- [Data block]:
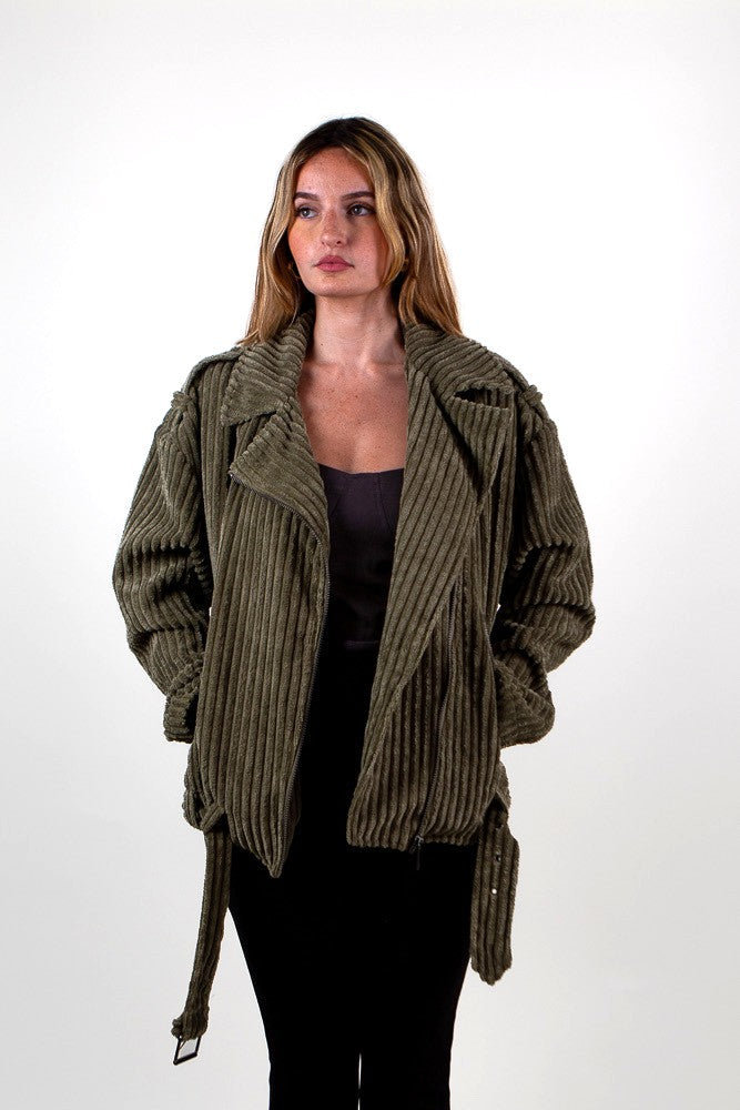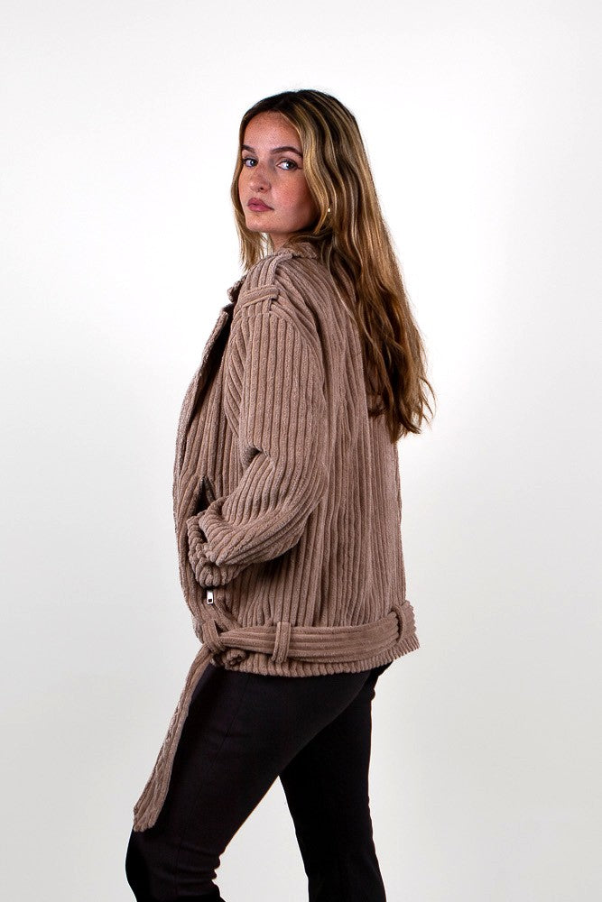Perfecto en velours côtelé avec fermeture zippée et ceinture à la taille. Ce perfecto est ultra tendance et vous tiendra chaud avec style cette saison !
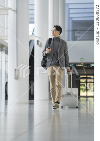 キャリーバッグを引いて歩くスマートフォンを持った40代の男性
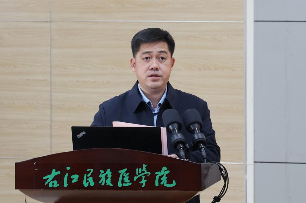 李雪斌书记作总结讲话,他对长期以来关心支持和参与学校毕业生就业创业和征兵工作,以及为毕业生就业创业工作作出贡献的全校师生员工表示感谢,对获奖集体和个人表示祝贺。就确保完成2025届毕业生各重要时间节点的就业目标任务提出三点意见:一是强化政治担当,以高度的责任感和使命感做好就业工作。要提高政治站位,增强责任感、使命感,压实工作责任,务实细化举措,以狠抓落实的定力,用心用力用情做好毕业生就业创业工作;二是突出就业优先,推动就业创业工作目标任务落地落实。要始终坚持突出就业优先的导向,坚持把就业作为学校质量文化的优先目标,强化支持就业导向各项措施。把就业创业工作落在具体上、落到实处上。三是加强组织领导,压实压紧工作责任。各部门、各二级学院负责人要带头抓、重引领,压实就业创业的主体责任;要增强工作活力,共同努力,协同推进;要进一步完善协同机制,构建党委统一领导、招就中心统筹协调、各学院具体落实、教职工人人有责的四级联动工作机制,形成强大合力;要加强督促检查,各部门要坚守就业工作纪律,严格执行“四不准”“三不得”,坚持把就业数据的真实性、准确性作为就业统计工作的红线和底线。
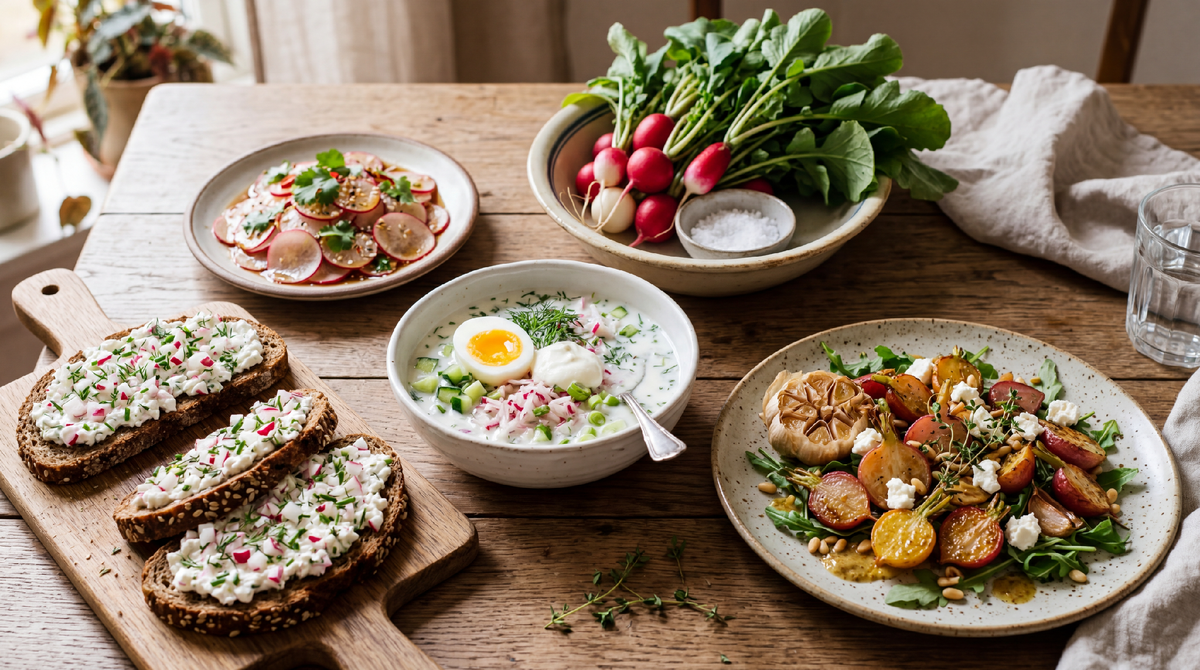 Мартовская редиска щедра, но недолговечна. Через пару-тройку недель она станет другой — и ждать возвращения того самого мягкого весеннего вкуса придётся целый год. Поэтому, если вы ещё не были на рынке в эти выходные, самое время собраться. Купите три-четыре пучка яркой хрустящей редиски, захватите пучок укропа и пачку творога, и проведите вечер на кухне. Ваш ужин запомнится надолго — не потому что он сложный или дорогой, а потому что он по-настоящему весенний.

- [Your instructions]: Output the full listing above exactly, excluding all pictures.

- [Reply to the task]:
Perfecto en velours côtelé avec fermeture zippée et ceinture à la taille. Ce perfecto est ultra tendance et vous tiendra chaud avec style cette saison !
 キャリーバッグを引いて歩くスマートフォンを持った40代の男性
 李雪斌书记作总结讲话,他对长期以来关心支持和参与学校毕业生就业创业和征兵工作,以及为毕业生就业创业工作作出贡献的全校师生员工表示感谢,对获奖集体和个人表示祝贺。就确保完成2025届毕业生各重要时间节点的就业目标任务提出三点意见:一是强化政治担当,以高度的责任感和使命感做好就业工作。要提高政治站位,增强责任感、使命感,压实工作责任,务实细化举措,以狠抓落实的定力,用心用力用情做好毕业生就业创业工作;二是突出就业优先,推动就业创业工作目标任务落地落实。要始终坚持突出就业优先的导向,坚持把就业作为学校质量文化的优先目标,强化支持就业导向各项措施。把就业创业工作落在具体上、落到实处上。三是加强组织领导,压实压紧工作责任。各部门、各二级学院负责人要带头抓、重引领,压实就业创业的主体责任;要增强工作活力,共同努力,协同推进;要进一步完善协同机制,构建党委统一领导、招就中心统筹协调、各学院具体落实、教职工人人有责的四级联动工作机制,形成强大合力;要加强督促检查,各部门要坚守就业工作纪律,严格执行“四不准”“三不得”,坚持把就业数据的真实性、准确性作为就业统计工作的红线和底线。
 Мартовская редиска щедра, но недолговечна. Через пару-тройку недель она станет другой — и ждать возвращения того самого мягкого весеннего вкуса придётся целый год. Поэтому, если вы ещё не были на рынке в эти выходные, самое время собраться. Купите три-четыре пучка яркой хрустящей редиски, захватите пучок укропа и пачку творога, и проведите вечер на кухне. Ваш ужин запомнится надолго — не потому что он сложный или дорогой, а потому что он по-настоящему весенний.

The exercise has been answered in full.